The little eunuch now took his leave. Xi-feng sent someone to carry the money for him as far as the main gate.
‘These people really are a pest!’ said Jia Lian emerging from his hiding-place. ‘There seems to be no end to their borrowing.’
‘Just as I’d been telling you about my dream,’ said Xi-feng. ‘Talk of the devil!’
‘Yesterday it was Chamberlain Zhou,’ said Jia Lian. ‘The first thing he said when he opened his mouth was could I lend him a thousand taels. Because I hesitated a bit before saying yes, he started looking huffy. I can see us making any number of enemies this way. What we need right now is a windfall of forty or fifty thousand taels!’
Patience came in to help Xi-feng wash and change preparatory to going over to wait on Grandmother Jia at dinner
. Jia Lian went off to his outside study. He had barely got there when Lin Zhi-xiao came hurrying in, evidently bursting with some news. When Jia Lian asked him what it was, he said that Jia Yu-cun had been demoted.
‘I don’t know what it was for,’ he said. ‘It may not be true, in any case.’
‘Even if it’s not,’ said Jia Lian, ‘he’s sure to get thrown out of that job sooner or later.

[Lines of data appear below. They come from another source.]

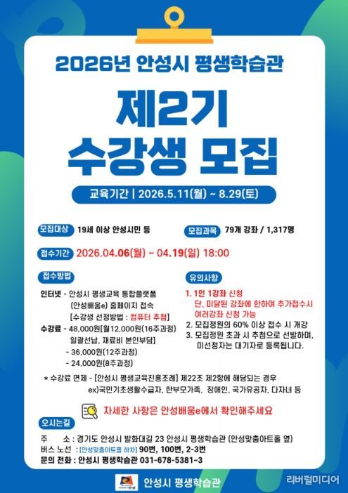 [리버럴미디어=공소리 기자] 안성시는 시민의 배움 기회를 확대하고 평생학습 참여를 활성화하기 위해 '2026년 평생학습관 제2기 프로그램' 수강생을 모집한다.
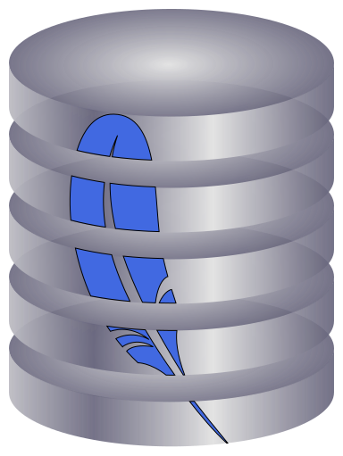 This features a blue and white feather, which is the icon for SQLite databases. It appears to be an artistic representation of the database symbol combined with a feather, giving it a unique and visually appealing appearance. The feather's colors are predominantly blue, with some white accents, creating a striking contrast against the background. This image could be used as a logo or symbol for various purposes related to databases or technology.
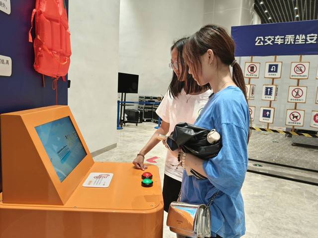 在临时展厅中,摆放着许多关于安全知识的宣传,有不少孩子们在此驻足游玩,流连忘返。展厅中多以一个安全问题引出队员们的回答兴趣,使队员们跟随指引来到展牌后方,又能够发现一台模拟机器,从而在机器上亲身实践自己的回答对错与否。这种新奇的教育方式也给了家长们一个新的教育孩子们了解安全知识的途径。当科技与教育碰撞,所产生的火花也使无数家庭受益。
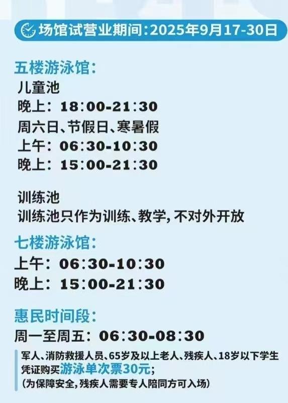 记者了解到,该游泳馆试营业期间(2025年9月17-30日)收费为成人单次票48元/人,军人、消防救援人员、65岁及以上老人、残疾人、18岁以下学生凭证购买单次票30元/人。
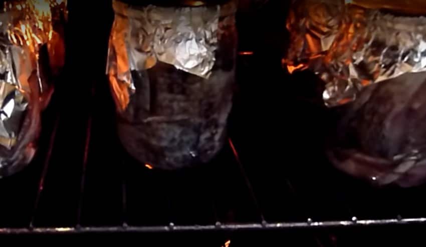 - Банки укрывают фольгой, отправляют в духовой шкаф, предварительно прогретый до 150 градусов.
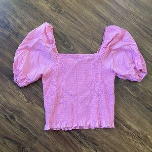 Chic Lee blouse with smocked texture. Soft pink hue. Perfect for casual wear. Women’s large
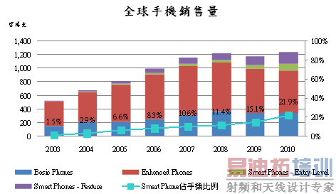 2008年Smart Phone市场销售量1.39亿支,市场渗透率11.4%,2009年预估将达1.77亿支,市场渗透率上升至15.1%(图一)。 显示Smart Phone已经突破局限于商务消费者使用,已有一定比例的市场需求延伸至一般消费大众。
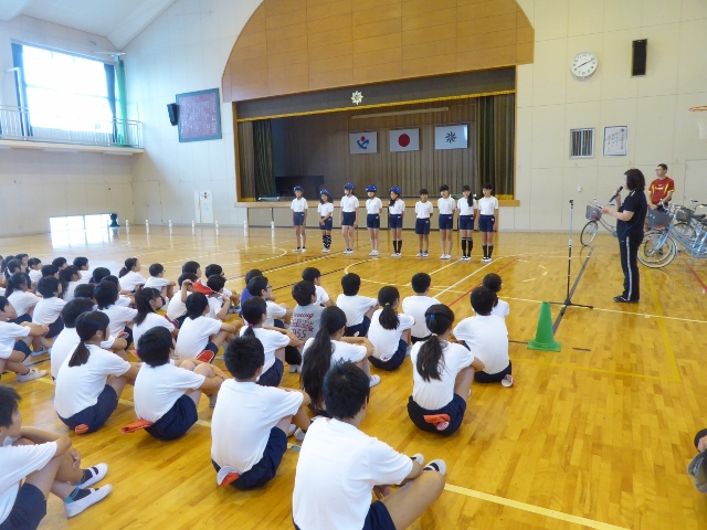 全校児童の前で「S字」と「2枚板」の演技を、一人一人順番に披露してくれました。
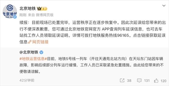 央視網(wǎng)消息:據(jù)@北京地鐵 微博消息,目前現(xiàn)場已處置完畢,運營秩序正在逐步恢復(fù)中。此前,北京地鐵發(fā)文稱,地鐵5號線一列車(開往天通苑北站方向)在天壇東門站因車輛故障,影響后續(xù)部分列車運行緩慢,工作人員已采取緊急處置措施。
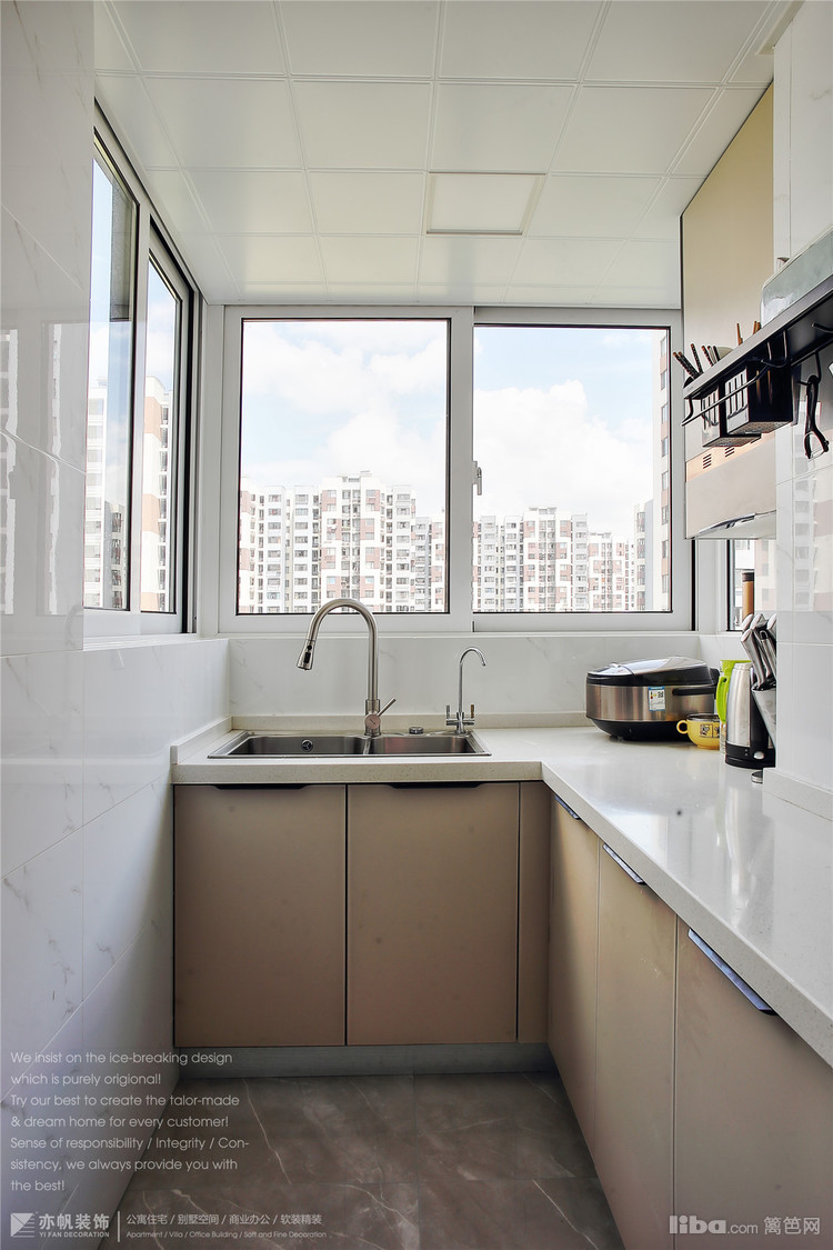 与主卧相连的阳台部分铺设了拼花小砖,一侧定制白色搭配金属拉手的储物柜,美观而实用!
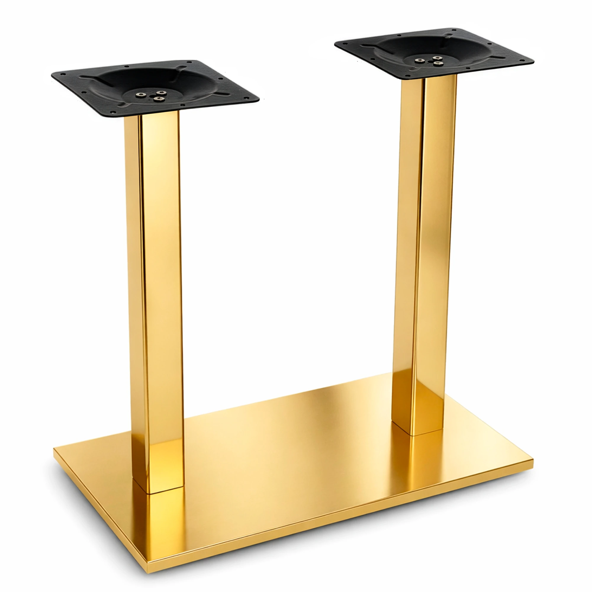Nuestro pie doble para mesa rectangular Bari en dorado es una elección idónea para restaurantes, bares y hoteles que buscan mesas firmes, visualmente atractivas y preparadas para un uso constante. Su estructura robusta transmite solidez desde el primer vistazo y ayuda a crear espacios donde el cliente percibe calidad y cuidado por el detalle.
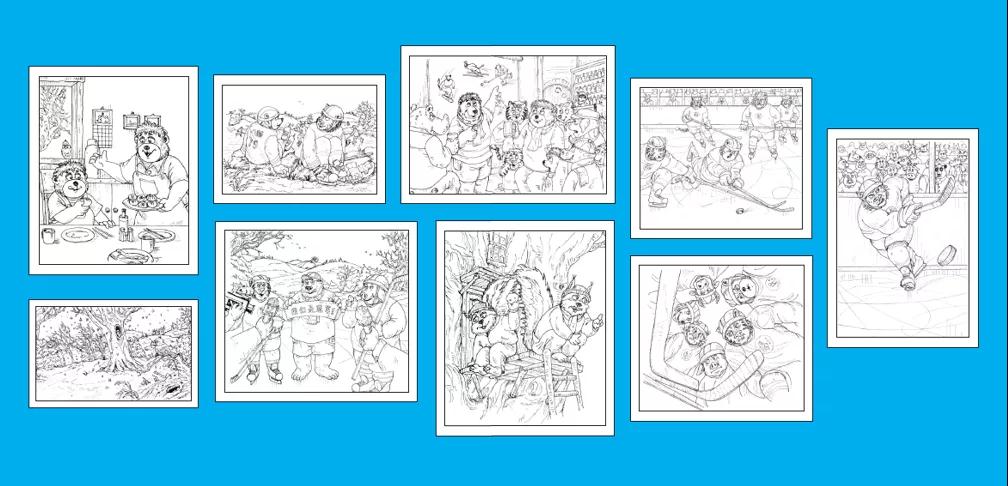 在新书《熊镇的故事:冰球!冰球!》中,作者以幽默诙谐的笔调讲述熊父子八顿和弗雷迪以及熊镇的动物们一起学习打冰球,最终“草根儿逆袭”的励志故事。
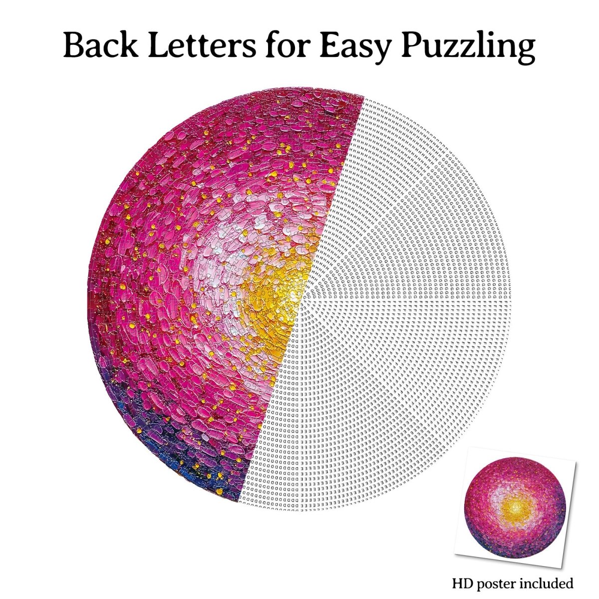 Immerse yourself in a symphony of color with the Palette Knife Art circular puzzle. This masterpiece captures a radiant burst of fuchsia, violet, and golden hues, applied with the textured, bold strokes of a palette knife. Its abstract, energetic design offers a vibrant and deeply satisfying challenge for art enthusiasts.
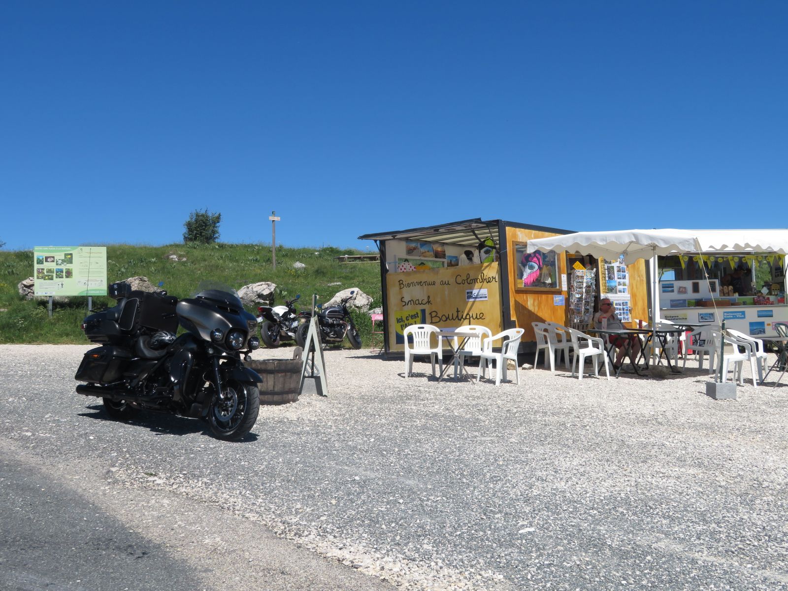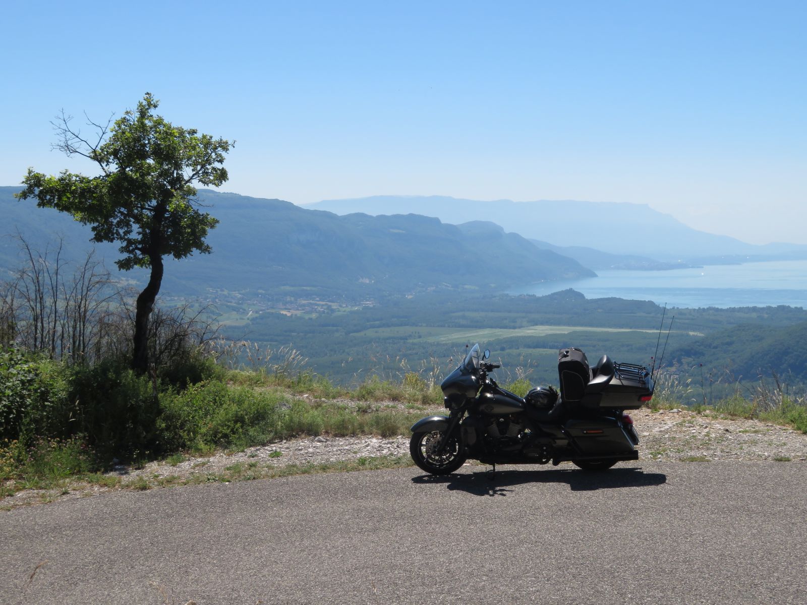 Danach ging es südwärts auf kleinen Nebenstrassen zum Col de la grand Colombier hinauf, wo man eine sensatinelle Aussicht gegen den Mont Banc und Lac du Bouget hat. Weiter führte mich die Route über Krete durch die heiseen Kurven bei den Lacets du Grand Colombier nach Chenaz, einem klenen Dorf am Canal de Saviere.
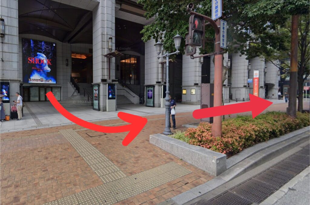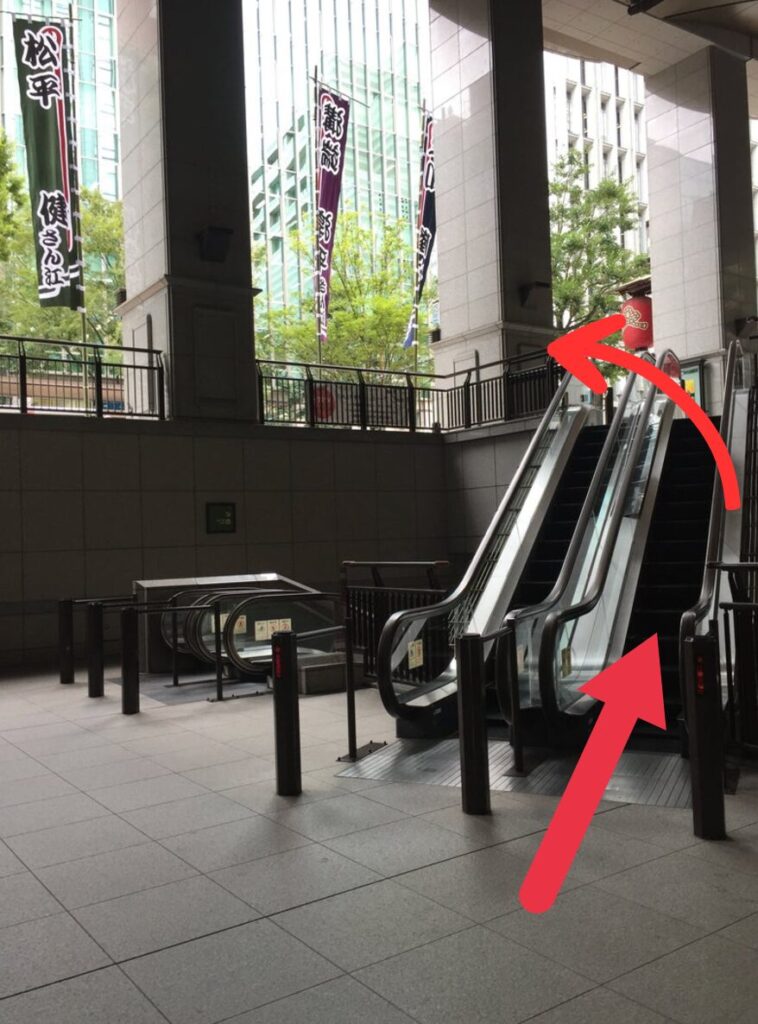 正面のエスカレーターを上がり地上へ向かい「博多座」を出て左折します。
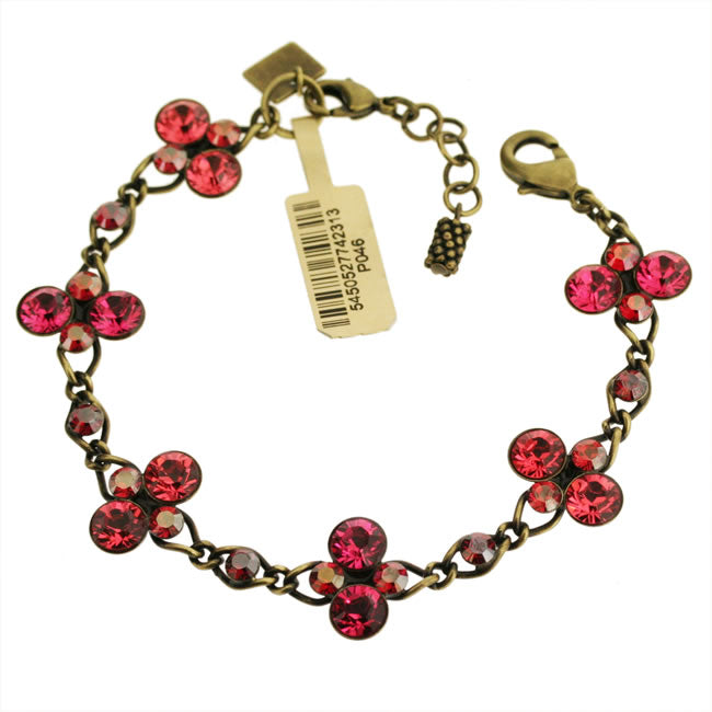 Crystal Bracelet from the Disco Star collection 180mm (7 inch) long plus a 25mm (1 inch) extention chain as shown, Coral/Gold
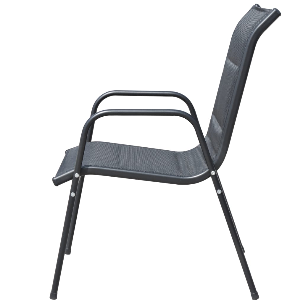 This contemporary stackable chair set is meant to be a real eye-catcher in your garden, dining room or patio. The comfortable armchairs have a powder-coated steel construction, making it sturdy and stable. Thanks to the strong Textilene fabric with waterproof padding, these outdoor chairs are highly comfortable, weather-resistant and easy to clean. The chairs can also be stacked to save space when not in use. In addition, the padded seat provides added comfort. Take a load off and enjoy your outdoor living space on these comfortable and durable garden dining chairs!

We’d be well advised to have as little to do with him as possible.’
‘I’m sure you’re right, sir,’ said Lin Zhi-xiao. ‘But that’s easier said than done. Sir She is on very good terms with him, and Sir Zheng likes him. Everyone knows that he is a regular visitor here.’
‘Well, I suppose as long as we don’t get involved in any of his schemes it shouldn’t matter,’ said Jia Lian. ‘You’d better go and make some more inquiries. Find out if he really has been demoted, and if so, what for.’
Lin Zhi-xiao said he would do so, but showed no inclination to leave. Instead he sat down in a chair and began talking to Jia Lian about this and that. Presently they got on to the subject of the household’s financial difficulties. Lin Zhi-xiao took the opportunity of airing his own idea of a solution.
‘We’ve got too big a staff,’ he said. ‘We ought to pick a day when there’s no other business on hand and ask Her Old Ladyship and Sir Zheng if we can’t give some of those older servants who are a bit past it now an honourable discharge. It would be a kindness to them, because they’ve all got little jobs of their own to fall back on, and it would mean a big saving for us in the amount we have to spend every year on wages and keep. And there’s another thing: there are far too many maids. As the proverb says, “The times get worse but never better.” It’s no good trying to live in the style we used to keep up twenty or thirty years ago. If every apartment which in the past used to employ eight girls were now to employ six and those which used to employ four girls were to make do with two; the saving in wages and keep would be enormous. Most of those girls are in any case old enough now to be married. If we pair them off now with our boys, before we know where we are they will be breeding new servants for us.’